I seem to recall Ed Harris measuring a shunt capacitance at the
terminals on the order of a couple of nF.
The R may be needed to keep the filter from self-resonating
> >if the NST's self-C is not lossy enough.
>
> The R is needed to keep the choke from self-resonating (actually just
> reducing the Q and resonant-rise) against either it's self-C or external
> shunt-C. I believe the concept of the shunt-C wanting to be "lossy" is
> wrong. Lossy implies a non-reactive parasitic component, i.e.
> resistance. In a low pass filter, we want a simple, reactive shunt
> capacitor. Any series resistance in the shunt-C diminishes it's effectiveness.
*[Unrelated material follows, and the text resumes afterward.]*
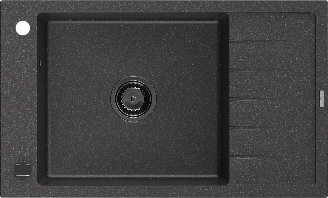 Mexen Elias évier en granit 1 bac avec égouttoir 795 x 480 mm, noir moucheté, siphon noir - 6511791005-76-B

Interesting argument. Yet, you agree that there must be some Q-
killing loss in the circuit. You need resistance to achieve a
Butterworth response in a filter. Can't series R be modelled as an
equivalent shunt element and vice-versa?
> Having ranted on this topic now, I must confess that despite following my
> professed beliefs and meticulously constructing an L-R-C-safety gap
> network, and measuring and confirming that my chokes aren't saturating, I
> still killed a 15KV/60mA NST, later reviving it by depotting and
> repotting in Vasoline. Could it be that NST's in tar are doomed
> regardless, but detarred, rebuilt ones have better survival rates?
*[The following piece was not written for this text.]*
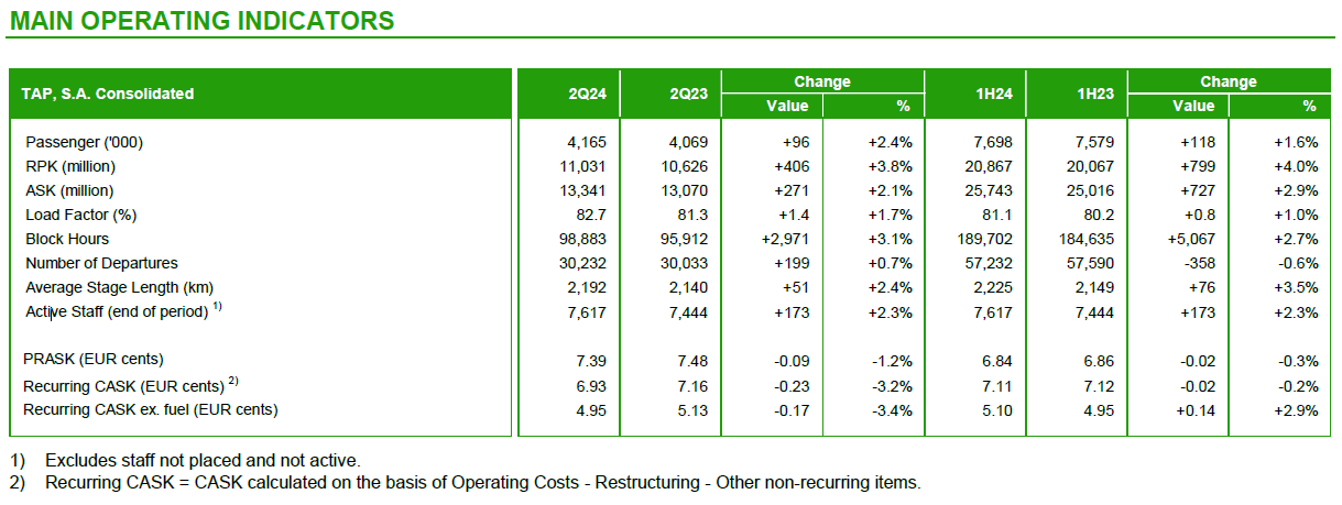 | Nel primo semestre del 2024 i ricavi operativi di TAP Air Portugal hanno raggiunto EUR 1.969 milioni, con un aumento del 3,3% rispetto al primo semestre del 2023, trainati, per quanto riguarda i ricavi passeggeri, dall’aumento della capacità (+2,9%), da un miglioramento del load factor (+0,8 p.p.), e da un significativo incremento dell’attività nel segmento Manutenzione e Ingegneria (+36,7%). TAP ha registrato, nella prima metà del 2024, un incremento dei risultati operativi ricorrenti rispetto al 2023, raggiungendo un EBITDA ricorrente di EUR 372,7 milioni (+ EUR 11,0 milioni), con un margine del 19%, e un EBIT ricorrente di EUR 139,2 milioni (+ EUR 14,7 milioni), con un margine del 7%. Nel primo semestre del 2024 TAP ha registrato un utile netto di EUR 0,4 milioni, grazie all’utile netto positivo generato nel secondo trimestre pari a EUR 72,2 milioni, che ha compensato l’utile netto negativo del primo trimestre del 2024. Al 30 giugno 2024 il Gruppo disponeva di una solida posizione di cassa pari a EUR 1.175,7 milioni, pari a un incremento di EUR 386,3 milioni rispetto alla fine del 2023. Si è inoltre registrato un significativo miglioramento del rapporto Indebitamento Finanziario/EBITDA, che ha raggiunto un livello di 2,1x, rispetto al rapporto di 2,6x al 31 dicembre 2023, rafforzando il percorso di deleveraging disciplinato e prudente della gestione finanziaria di TAP, con l’obiettivo di ispirare fiducia negli investitori. Per la seconda metà del 2024, le prenotazioni rimangono in linea con l’anno precedente, sebbene vi sia una qualche pressione sui rendimenti. Crescerà il focus sul mercato brasiliano con l’apertura di una nuova rotta: Florianópolis, e la riapertura di un’altra, Manaus, aumentando l’offerta a 13 destinazioni attraverso 15 rotte. Luís Rodrigues, CEO di TAP, ritiene che “nel secondo trimestre del 2024 abbiamo continuato il necessario percorso di trasformazione strutturale di TAP. L’investimento nelle persone e nelle operazioni continua a confermare il focus e a mostrare risultati: una significativa riduzione delle interruzioni, il continuo aumento della puntualità e della regolarità e l’incremento dell’NPS (l’indice di soddisfazione dei clienti), con conseguente crescita dei ricavi. Una particolare riconoscimento va all’area Manutenzione e Ingegneria, che sta iniziando a esprimere il proprio potenziale.” “La solida performance del secondo trimestre”, ha proseguito Luís Rodrigues, ”consente di ottenere un risultato netto positivo nel semestre che, nonostante la riduzione, viene raggiunto per la seconda volta consecutiva, ma ora senza tagli salariali.” “Continuiamo a percorrere la strada che ci siamo prefissati, con l’impegno del nostro personale e il sostegno dei nostri stakeholder: affermare TAP come una società sostenibile e redditizia e una delle più attraenti del settore”, ha concluso il CEO di TAP. ANALISI DEL SECONDO TRIMESTRE 2024 Nel secondo trimestre del 2024 (Q224) rispetto al secondo trimestre del 2023 (Q223) il numero di passeggeri trasportati è aumentato del 2,4% e il numero di voli operati dello 0,7%. Rispetto ai livelli pre-crisi del 2019 (Q219), il numero di passeggeri ha raggiunto il 92% e il numero di voli operati l’87%. La capacità (misurata in ASK) è aumentata del 2,1% rispetto al Q223, superando i livelli pre-crisi e registrando il 102% dei valori del Q219. Il Load Factor ha raggiunto l’82,7%, migliorando di 1,4 p.p. rispetto all’anno precedente, e diminuendo di 0,8 p.p. rispetto ai livelli pre-crisi. I ricavi operativi sono stati pari a EUR 1.106,7 milioni, registrando un incremento del 3,4% rispetto al Q223, superando e rappresentando il 133% dei ricavi operativi del Q219. I ricavi da biglietti sono aumentati di EUR 8,3 milioni di (+0,8%) rispetto al Q223, per un totale di EUR 986,4 milioni, generando un PRASK di 7,39 centesimi di euro, con un calo dell’1,2% (-0,09 centesimi di euro) rispetto al Q223 e un aumento del 30,2% (+1,71 centesimi di euro) rispetto al Q219. I ricavi da Manutenzione sono aumentati di EUR 29,9 milioni (+71,4%) rispetto al Q223, per un totale di EUR 71,8 milioni, principalmente grazie all’aumento dell’attività nella manutenzione dei motori. I ricavi del segmento Cargo e Posta sono diminuiti di EUR 4,3 milioni, attestandosi a EUR 39,3 milioni, in calo del 9,9% rispetto al secondo trimestre del 2023, a causa della continua normalizzazione dei rendimenti del settore cargo che si sono verificati sul mercato. I costi operativi ricorrenti sono stati di EUR 924,1 milioni, registrando una flessione dell’1,2% – pari a EUR 11,6 milioni – rispetto al secondo trimestre del 2023. Questa variazione è dovuta principalmente alla diminuzione dei costi operativi del traffico (- EUR 24,0 milioni, pari al 10,1%) per effetto della riduzione delle assunzioni nel settore ACMI e della riduzione dei costi con irregolarità, e alla diminuzione dei costi di svalutazione (- EUR 25,6 milioni), incluso lo storno della perdita di valore relativa a Groundforce derivante dall’approvazione del suo piano di ristrutturazione, compensata dall’aumento dei costi del personale (+ EUR 28,5 milioni, pari al 18,1%) per effetto dei nuovi accordi aziendali entrati in vigore nella seconda metà del 2023. Il CASK complessivo dei costi operativi ricorrenti è diminuito del 3,2% (-0,23 centesimi di euro), raggiungendo 6,93 centesimi di euro, rispetto al secondo trimestre 2023. Escludendo i costi del carburante, il CASK dei costi operativi ricorrenti è stato di 4,95 centesimi di euro, in calo del 3,4% (-0,17 centesimi di euro) rispetto al secondo trimestre 2023. L’EBITDA ricorrente si è attestato a EUR 289,0 milioni nel Q224, con un aumento di EUR 47,4 milioni (+19,6%) rispetto al Q223. L’EBIT ricorrente è aumentato di EUR 47,9 milioni (+35,5%) rispetto al Q223, per un totale di EUR 182,5 milioni, con un margine del 16,5%. Considerando le voci non ricorrenti, l’EBIT ha raggiunto

> Sorry for this anecdotal theory ;-)
My theory (which I have yet to test properly) after examining safety
gap operation: The chokes themselves and any other inductance between
the gap and the transformer terminals is the real killer. As soon as
the gap fires you have energized chokes with energy stored in them
and nowhere else to go except back to the transformer. My money says
that positioning the transformer as close to the main gap as you can
with only some series R and some "lossy" shunt C should do the trick.
I will condemn one of my own neons to checking this out soon.
I mused on the placement of the main gap vs cap across the
transformer terminals too. This whole thing seems to be a bit each
way. If you position the gap across the transformer, the mechanism
noted above is at work. If you position the cap across the
transformer, the transformer appears as a shunting element in the
resonant circuit formed when the gap fires. I'm opting for the gap in
this position so at least the tank operation won't be affected.